Items listed in a dataset
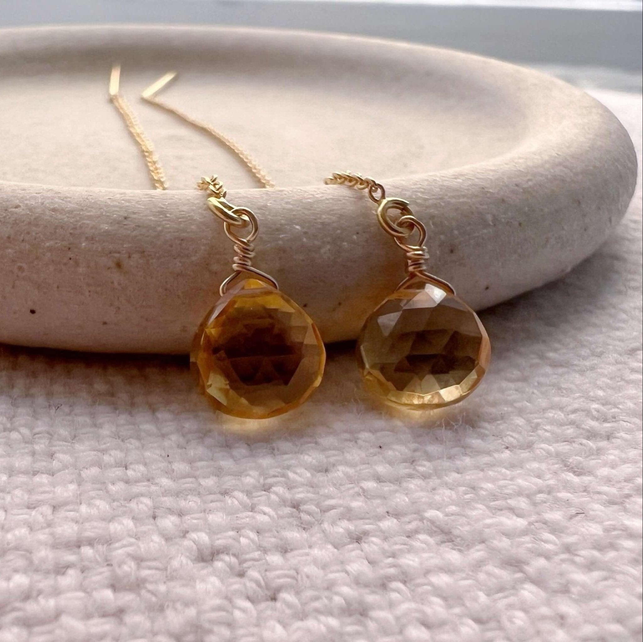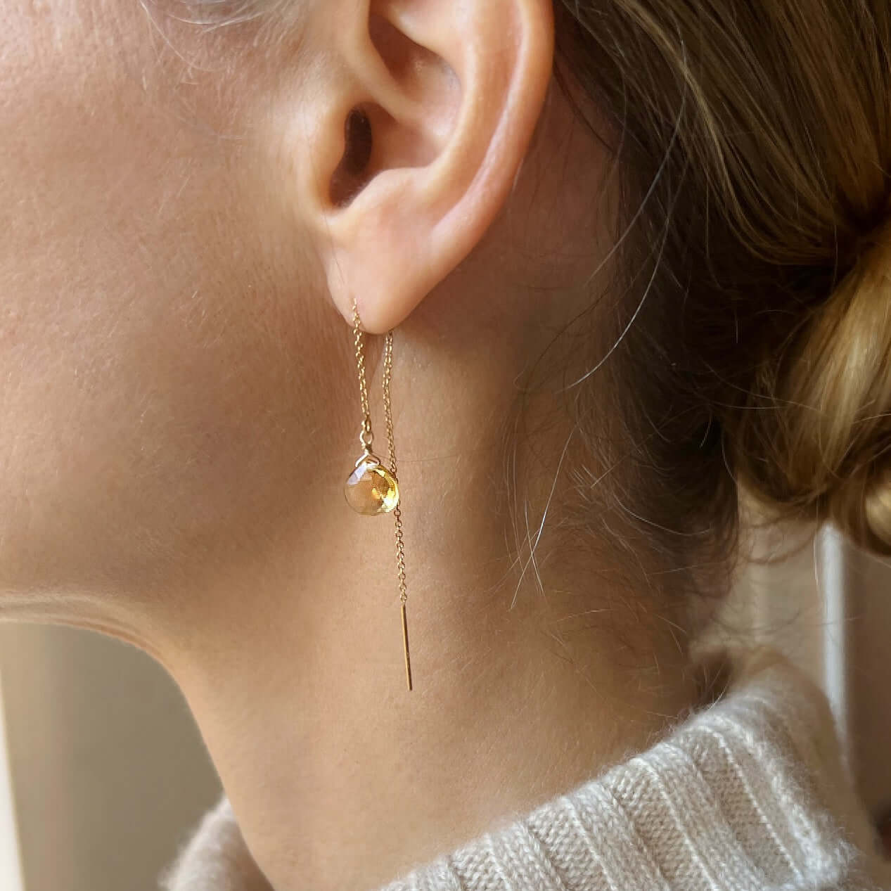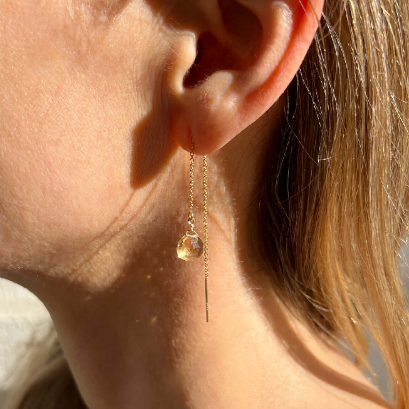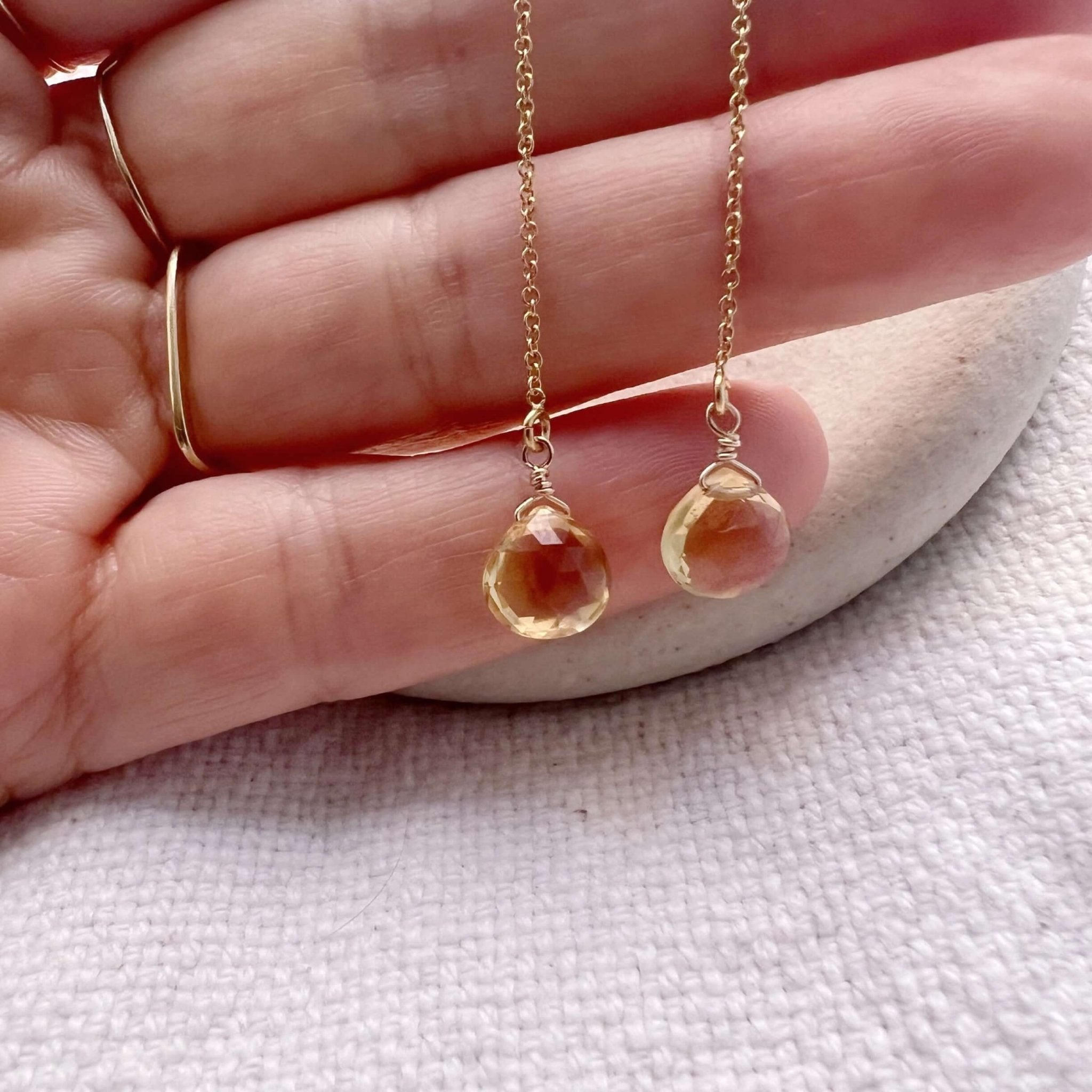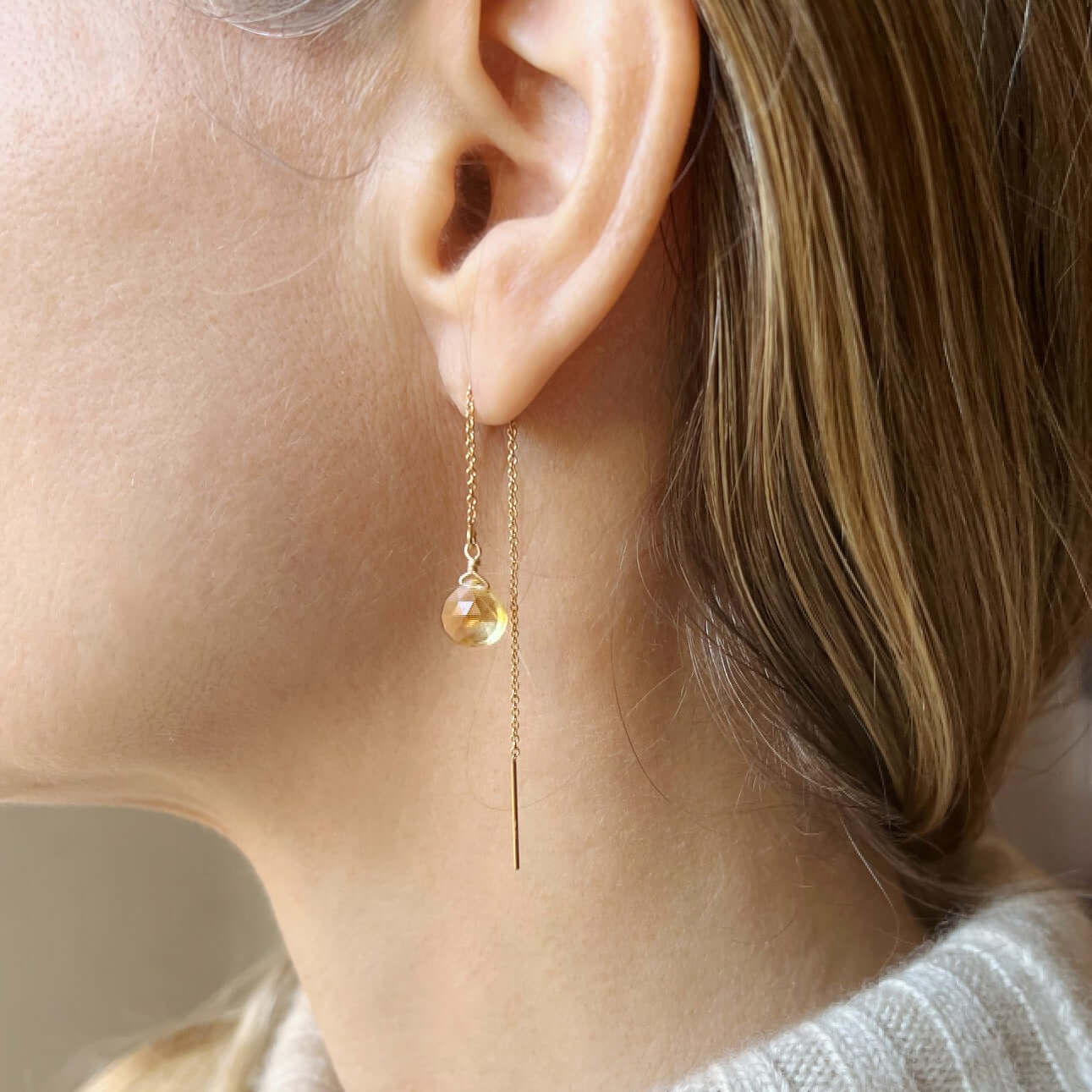 Our dainty citrine dangle earrings are the perfect lightweight accessory for everyday wear. Despite their simplicity, the sparkling semi-precious citrine that hangs from a sleek cable chain threader makes a bold statement. This citrine earring is the November birthstone and makes the perfect birthday gift.
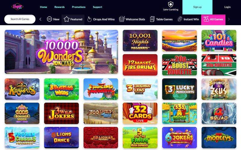 Vegas Wins’ game selection focuses heavily on slots. In total, you can play around 900 casino games, and over 800 of these are slots.
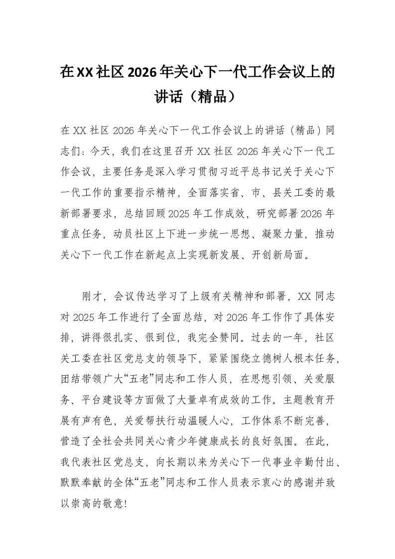 在XX社区2026年关心下一代工作会议上的讲话(精品)
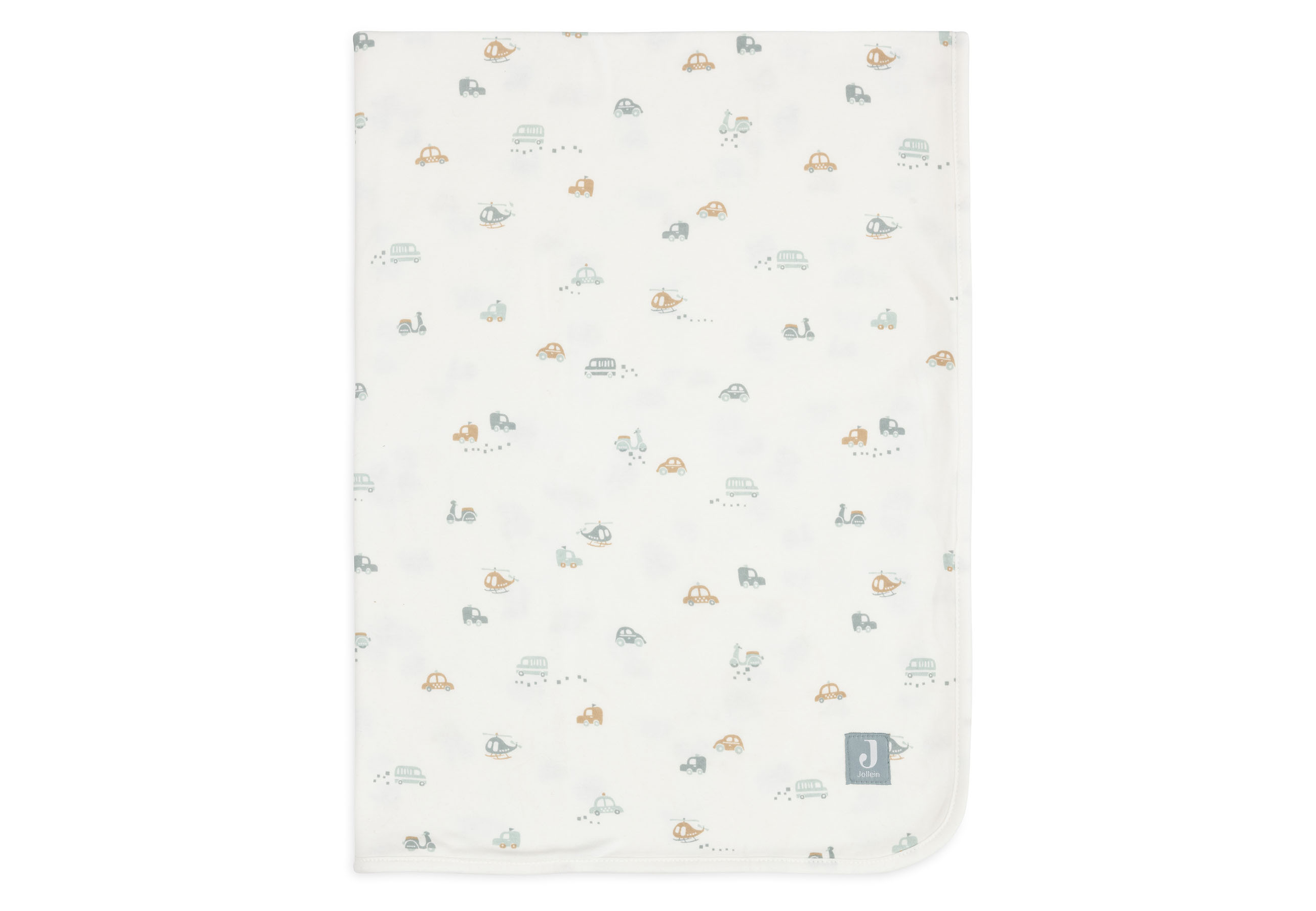 Měkká bavlněná deka s krásným potiskem dopravních prostředků je ideální pro přikrytí miminka v kočárku, kolébce či košíku.
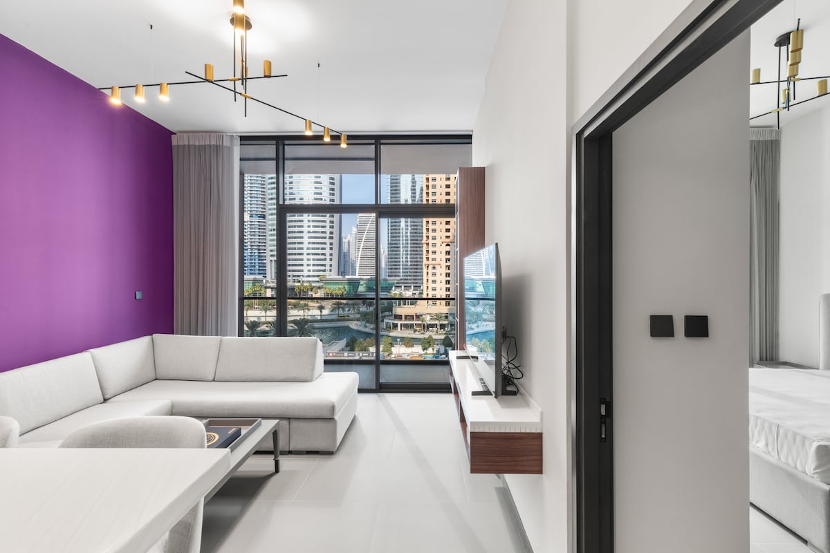 Experience luxury in our newly refurbished studio at JW Marriott Residences, Dubai Marina. Enjoy full Marina views, direct access to Dubai Marina Mall, and a sleek, modern design with premium finishes. Relax at the outdoor infinity pool overlooking the Marina, or stay active in the full gym. The space includes a plush king size bed, fast Wi-Fi, 65" smart TV, kitchen facilities, and luxury bathroom - perfect for both business and leisure stays in the heart of Dubai Marina.
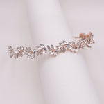 This brilliant headband is made with sparkling rhinestones in a leaf, wavy vine-like pattern that boasts a look of sophistication and symmetry. Measuring 1" wide, this sparkling headpiece is sure to add beauty and elegance to your special day! Choose from silver, gold or rose gold. This headband is perfect for weddings, bridesmaids, prom, and parties!
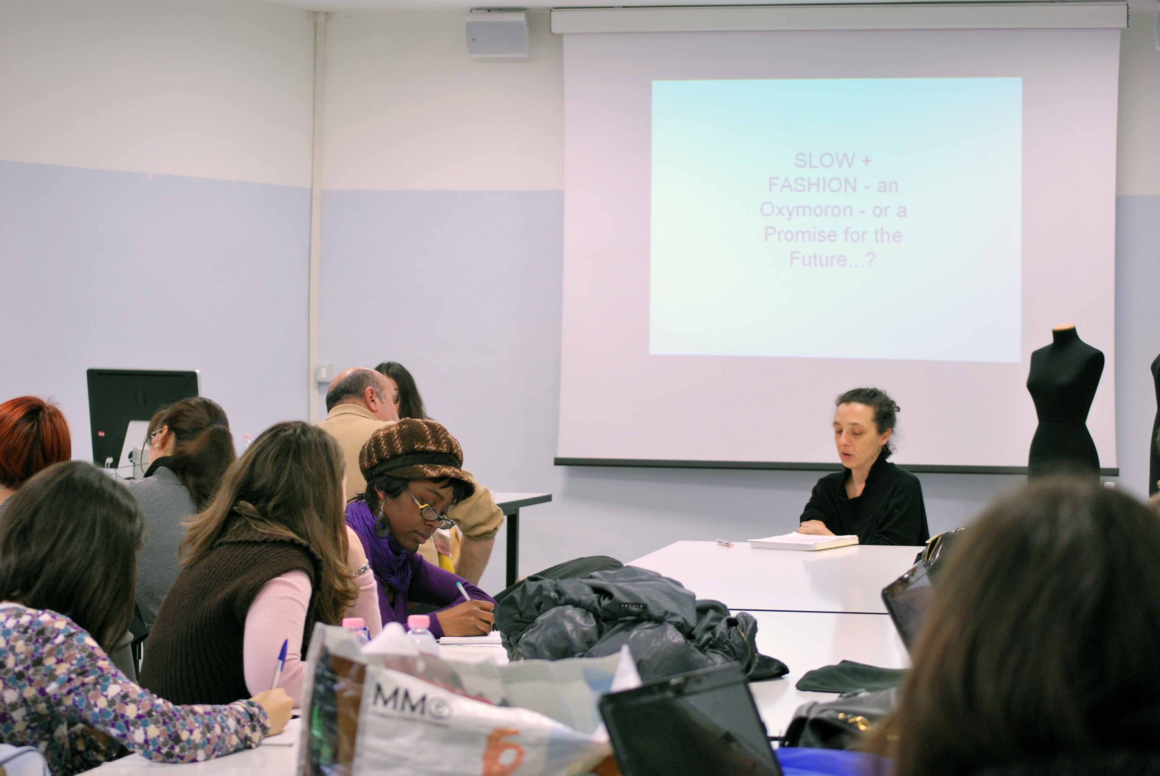 abbiamo parlato del concetto di “lentezza” : il libro di Matthew Crawford “Shop Class as Soulcraft. An inquiry into the value of work” USA, Penguin Press HC, 2009 – pubblicato in Italia dal Gruppo Mondadori “Il lavoro manuale come medicina dell’anima” 2010 / il saggio di Hazel Clark “SLOW + FASHION – an Oxymoron – or a Promise for the Future…?” in “Fashion Theory. The Journal of Dress, Body & Culture”, Volume 12, Numero 4, Decembre 2008, pp. 427-446, Berg Publishers / la teoria “think globally and act locally” nella moda / l’etichetta brasiliana Coopa Roca e le sue collaborazioni con Carlos Miele e Tord Boontje / la mostra “Naturale, rigenerato, fatto a mano. La moda etica di Christina Kim”, Bologna, Museo Internazionale e Biblioteca della Musica, dal 10.05.2008 al 08.06.2008) / la conferenza “Riciclato, fatto a mano, eco-sostenibile”, Corso di Laurea in Culture e tecniche del costume e della moda, Rimini, 14.05.2008, “I like to touch every piece because every piece have a story, is precious” / l’ “Hacking Couture” di Giana Gonzalez
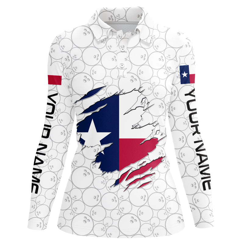 White Bowling Ball Camo Texas flag Bowling shirts for Women custom Team ladies bowling League jerseys NQS8740
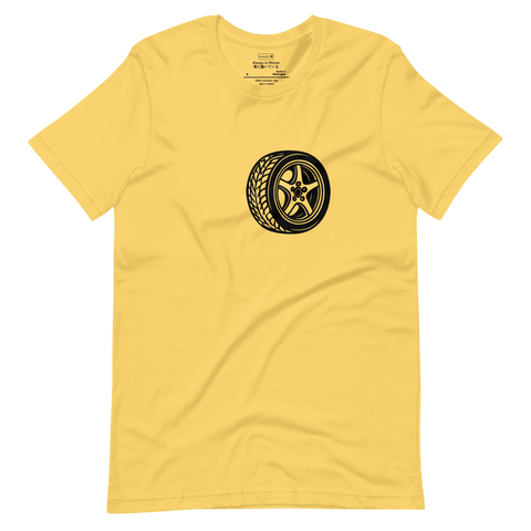 A minimalist yet detailed illustration of a car wheel — clean tire tread, stylized rim spokes, and subtle shading to give it depth. Rendered in monochrome line work with selective color accents on the rim (like a pop of red or yellow). The design is centered and symmetrical, capturing the motion and stillness of a wheel at the same time.
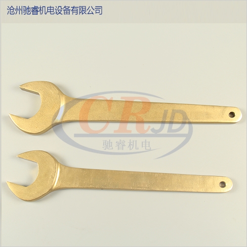防爆呆扳手的材质是铜合金,由于铜的良好导热性能及几乎不含碳的特质,使工具和物体摩擦或撞击时,短时间内产生的热量被吸收及传导,另一原因由于铜本身相对较软,摩擦和撞击时有很好的退让性,不易产生微小金属颗粒,于是我们几乎看不到火花,因此防爆工具又称为无火花工具。
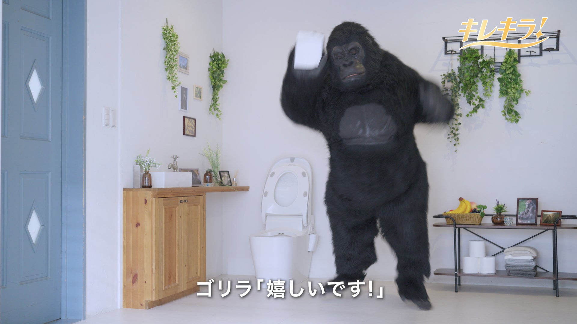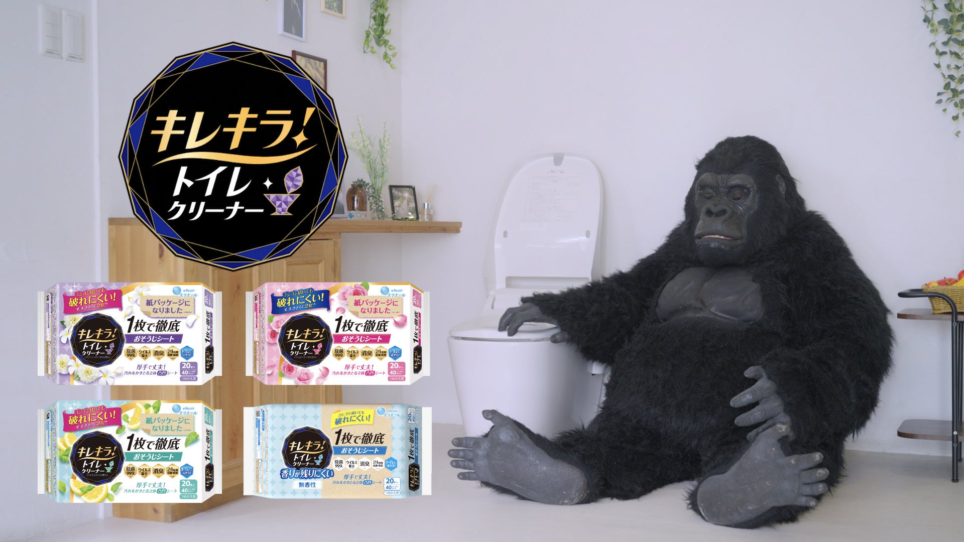 ゴシゴシ拭いても破れにくいことを表現している「キレキラ!トイレクリーナー」のTV CMをパロディにしたWEB CMを公開。ゴリラの着ぐるみが『キレキラ!トイレクリーナー 1枚で徹底おそうじシート』を使ってトイレ掃除をします。

TASK GOAL >> Return the data above in its exact wording, with none of the pictures.

EXERCISE RESPONSE >>
 Our dainty citrine dangle earrings are the perfect lightweight accessory for everyday wear. Despite their simplicity, the sparkling semi-precious citrine that hangs from a sleek cable chain threader makes a bold statement. This citrine earring is the November birthstone and makes the perfect birthday gift.
 Vegas Wins’ game selection focuses heavily on slots. In total, you can play around 900 casino games, and over 800 of these are slots.
 在XX社区2026年关心下一代工作会议上的讲话(精品)
 Měkká bavlněná deka s krásným potiskem dopravních prostředků je ideální pro přikrytí miminka v kočárku, kolébce či košíku.
 Experience luxury in our newly refurbished studio at JW Marriott Residences, Dubai Marina. Enjoy full Marina views, direct access to Dubai Marina Mall, and a sleek, modern design with premium finishes. Relax at the outdoor infinity pool overlooking the Marina, or stay active in the full gym. The space includes a plush king size bed, fast Wi-Fi, 65" smart TV, kitchen facilities, and luxury bathroom - perfect for both business and leisure stays in the heart of Dubai Marina.
 This brilliant headband is made with sparkling rhinestones in a leaf, wavy vine-like pattern that boasts a look of sophistication and symmetry. Measuring 1" wide, this sparkling headpiece is sure to add beauty and elegance to your special day! Choose from silver, gold or rose gold. This headband is perfect for weddings, bridesmaids, prom, and parties!
 abbiamo parlato del concetto di “lentezza” : il libro di Matthew Crawford “Shop Class as Soulcraft. An inquiry into the value of work” USA, Penguin Press HC, 2009 – pubblicato in Italia dal Gruppo Mondadori “Il lavoro manuale come medicina dell’anima” 2010 / il saggio di Hazel Clark “SLOW + FASHION – an Oxymoron – or a Promise for the Future…?” in “Fashion Theory. The Journal of Dress, Body & Culture”, Volume 12, Numero 4, Decembre 2008, pp. 427-446, Berg Publishers / la teoria “think globally and act locally” nella moda / l’etichetta brasiliana Coopa Roca e le sue collaborazioni con Carlos Miele e Tord Boontje / la mostra “Naturale, rigenerato, fatto a mano. La moda etica di Christina Kim”, Bologna, Museo Internazionale e Biblioteca della Musica, dal 10.05.2008 al 08.06.2008) / la conferenza “Riciclato, fatto a mano, eco-sostenibile”, Corso di Laurea in Culture e tecniche del costume e della moda, Rimini, 14.05.2008, “I like to touch every piece because every piece have a story, is precious” / l’ “Hacking Couture” di Giana Gonzalez
 White Bowling Ball Camo Texas flag Bowling shirts for Women custom Team ladies bowling League jerseys NQS8740
 A minimalist yet detailed illustration of a car wheel — clean tire tread, stylized rim spokes, and subtle shading to give it depth. Rendered in monochrome line work with selective color accents on the rim (like a pop of red or yellow). The design is centered and symmetrical, capturing the motion and stillness of a wheel at the same time.
防爆呆扳手的材质是铜合金,由于铜的良好导热性能及几乎不含碳的特质,使工具和物体摩擦或撞击时,短时间内产生的热量被吸收及传导,另一原因由于铜本身相对较软,摩擦和撞击时有很好的退让性,不易产生微小金属颗粒,于是我们几乎看不到火花,因此防爆工具又称为无火花工具。
 ゴシゴシ拭いても破れにくいことを表現している「キレキラ!トイレクリーナー」のTV CMをパロディにしたWEB CMを公開。ゴリラの着ぐるみが『キレキラ!トイレクリーナー 1枚で徹底おそうじシート』を使ってトイレ掃除をします。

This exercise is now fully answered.